Besides having a name that is just begging to be on stage, and a good sense of humor, Josh Funk is backing up his presense in music with creative, pop-driven songs that can easily be related to and enjoyed by the masses. Born and raised in Chico, Funk has pursued a lifelong love of music, being involved in multiple bands throughout the years, although he has found a calming and more personal escape in creating his own solo music. Now with a third album of his own and a CD release party at Has Beans on February 24th, Josh Funk is jumping headfirst into making a name for himself as a singer/songwriter. Synthesis met up with Funk during his busy schedule to discuss his new album, The Face You Show Your Enemies, as well as his music career in general. 

{What made you get away from your previous band-based music and pursue your own endeavor solely as Josh Funk?}

I was doing both of them at the same time, and I was entering songwriting competitions on my own. I used to kind of split them up in my head; the more upbeat, thicker, rock stuff was my band stuff, my softer ballad stuff was my own and I didn’t see them as the same. So I entered them in the competition under my own name and started to see that they were more popular and people were responding to it more and I was getting better feedback from it. I fought it for a long time… but it was just for me. 

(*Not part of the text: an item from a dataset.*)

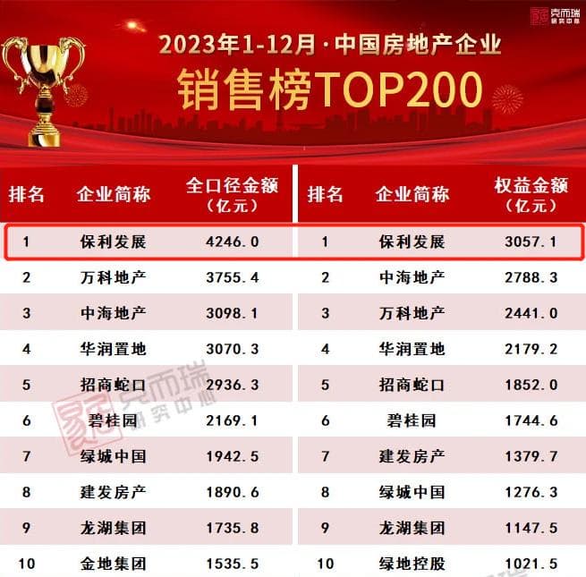 在2021年克而瑞的销售榜单上,保利发展的全口径销售金额以及权益销售金额都是第4名的位置,而到了2023年,保利发展全口径和权益销售金额已经成为了TOP1,也是行业唯一一家销售额过4000亿的房企,成为了行业大哥大。

{Now I know that you have a new nine-song album coming out (The Face You Show Your Enemies), where was recording done on the album?}

I have a partial setup at my house, so I started out most of the tracks where I was set up with a grid and did acoustic guitar, vocals and some electric guitar and then the majority was recorded down in Hollywood and L.A. I was kind of doing a long distance thing, so I was working with a couple of producers, and then a good friend, Ryan Sanders, who actually plays bass for me [and] works at Roland, he recorded and tracked a lot of the album at Roland, the drums and the bass… I did play bass on one song, because I recorded that song at a studio called Swing House in Hollywood and I played everything but drums on it. I put a lot of weird stuff on the album. I actually played a fishing pole at one part; I recorded the reel, because I was trying to get this little cranking at the beginning. So I played a fishing pole, handclaps, shakers, and I made a recorder and played that too. 

{So would you say that you are getting into a different genre or exploring different areas of music?}

It’s a little further away from the emo/pop/rock stuff I was doing. Some really big influences are Weezer, and they definetly shine through. A little more quirky and experimental, but I’m still keeping the songs catchy. 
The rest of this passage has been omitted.